Faced with my reporter’s notebook, he was modest to a fault: “It’s about the students, and not about me.” But he’s wrong. Mr Sharpe is just one of thousands of teachers - in Truro, Cornwall and across the land - who deserve to be applauded for the hard work put in, the midnight oil burned, to help our children get where they want to be in life. Those I met last Thursday were every bit as proud as the tearful mums and dads who thanked them and shook their hands vigorously. 

When people ask Daughter if she likes school, I groan inwardly. She’s in her early teens, and can find countless reasons why she doesn’t – her least favourite subjects, the people who get on her nerves. 

But as Mr Sharpe points out, when he bumps into former students in town, they are often in further education or employment, and seem to understand, albeit belatedly, that their school days were important.

‘Twas ever thus. Who isn’t a misty-eyed member of a social media group dedicated to their primary or secondary school intake? Who among us doesn’t recall a favourite teacher? Often, it’s the one you thought you despised the most, but absence makes the heart grow fonder. 

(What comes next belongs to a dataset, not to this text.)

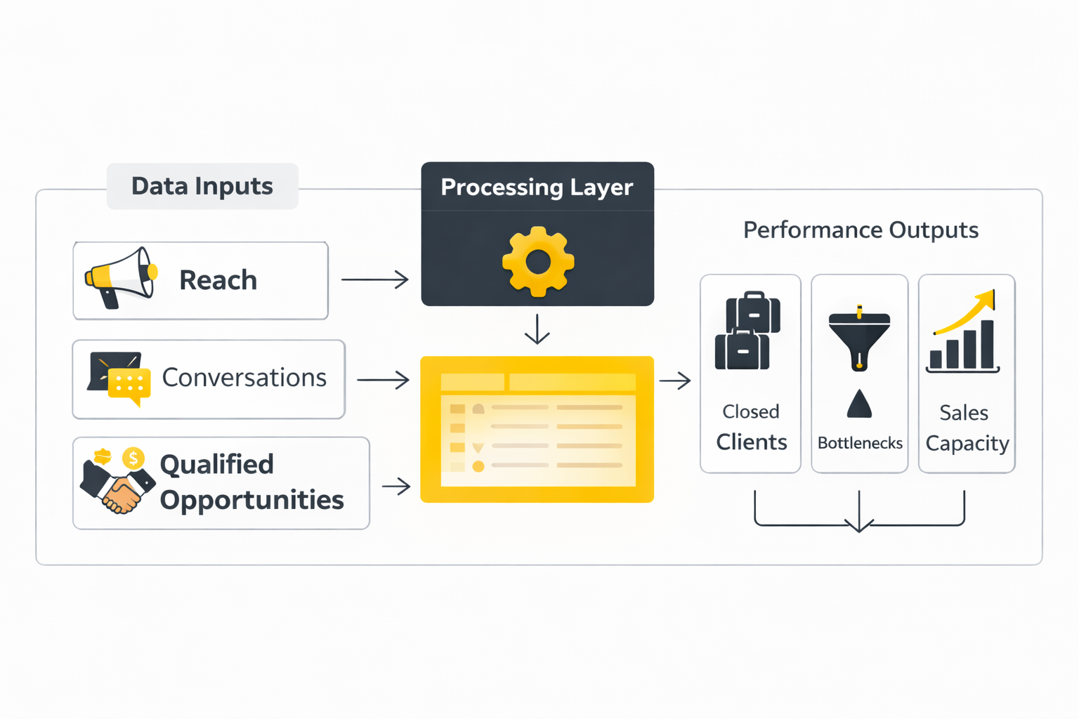 Each stage filters the previous one. Large reach is useless if it does not produce conversations, and conversations are meaningless if they never turn into real opportunities.

I’m Facebook friends with my former English teacher, and write proper letters to a primary school teacher who I considered a bit of a dragon at the time. Then there’s the one who put me on detention for a week for doodling in maths, but is fondly remembered by all who encountered him for his firm principles and twinkling eyes. He must have been in his 30s when he taught me, yet seemed old as the hills.  

The week before GCSEs, I attended the A Level results event at Truro College. I don’t think I will ever tire of seeing teenagers enjoying the fruits of their labours and looking forward to their next steps in the big wide world, with a little more freedom and agency to explore a huge range of options. 

Next week, the school term will start again, and Daughter will embark upon her own KS4 journey. In a couple of years’ time, she will be opening her envelope, possibly in that self-same dining hall, and I will be wiping away my own tears and quite possibly interviewing myself. 

In the meantime, let the embarrassment continue. What will Daughter make of me writing a column about my “mum-crush”, for the world (well, my mother-in-law) to read? Darts at the ready – 180!

********************************

I’m going on holiday – finally. The summer break seems to have flown by; swamped by an influx of work and family illness, I didn’t see much of it. 

Having both a teen and the Other Half around, demanding snacks/lifts/general attention, when I’m used to working in silence and my own company has been challenging. 

So the out-of-office is going on and the computer is staying at home, the pet-feeder is booked and the tent is going in the boot. 

I would be grateful if whichever hurricanes are next on the list would put their out-of-office on too. Asking nicely, pretty please?